WHAT YOU NEED TO DO:
Leave the pictures out and print, word for word, the lines below from the one with "Jeans Curvy Straight" through the final line.

Top of DATA SEGMENT

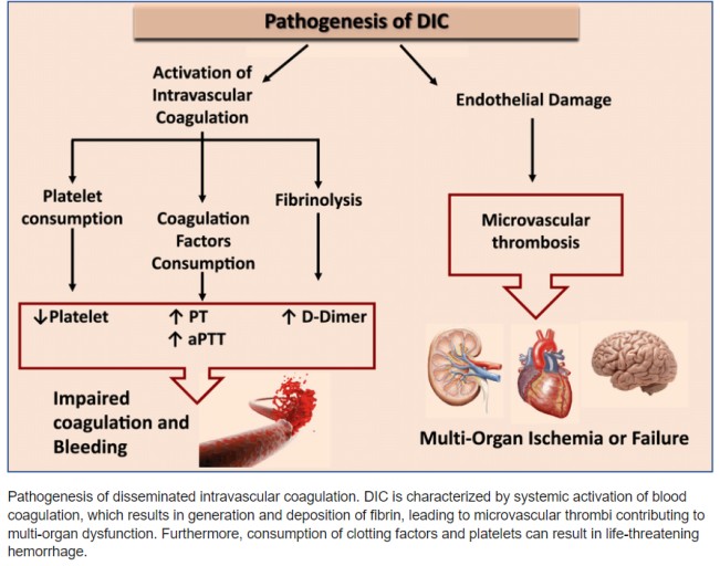 파종성 혈관 내 응고(DIC)는 혈액응고 인자가 과도하게 활성화되어 혈액 내에서 혈전이 생기고, 반대로 혈관 밖으로 출혈이 발생하는 질환입니다. DIC는 매우 심각한 질환으로, 갑작스러운 출혈과 혈전증을 유발하고, 심장, 폐, 신장, 뇌 등의 중요 장기에 손상을 입힐 수 있습니다.
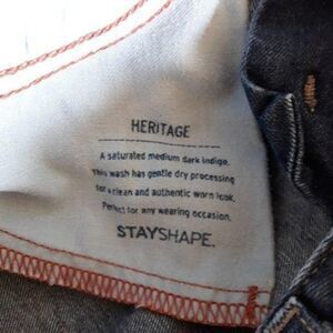 Jeans Curvy Straight Heritage stay shape Indigo color mid rise 5 pocket zip up by Eddie Bauer.
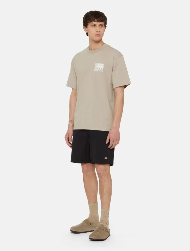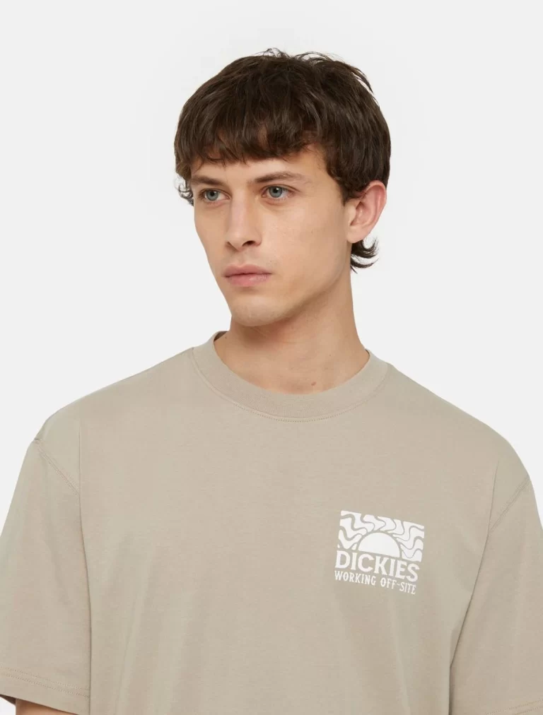 - חולצת טי קלאסית עם צווארון עגול שעשויה מ-100% כותנת ג'רזי וכוללת לוגו קטן של Dickies בחזית והדפסה בגב

Bottom of DATA SEGMENT

YOUR SOLUTION:
 Jeans Curvy Straight Heritage stay shape Indigo color mid rise 5 pocket zip up by Eddie Bauer.
 - חולצת טי קלאסית עם צווארון עגול שעשויה מ-100% כותנת ג'רזי וכוללת לוגו קטן של Dickies בחזית והדפסה בגב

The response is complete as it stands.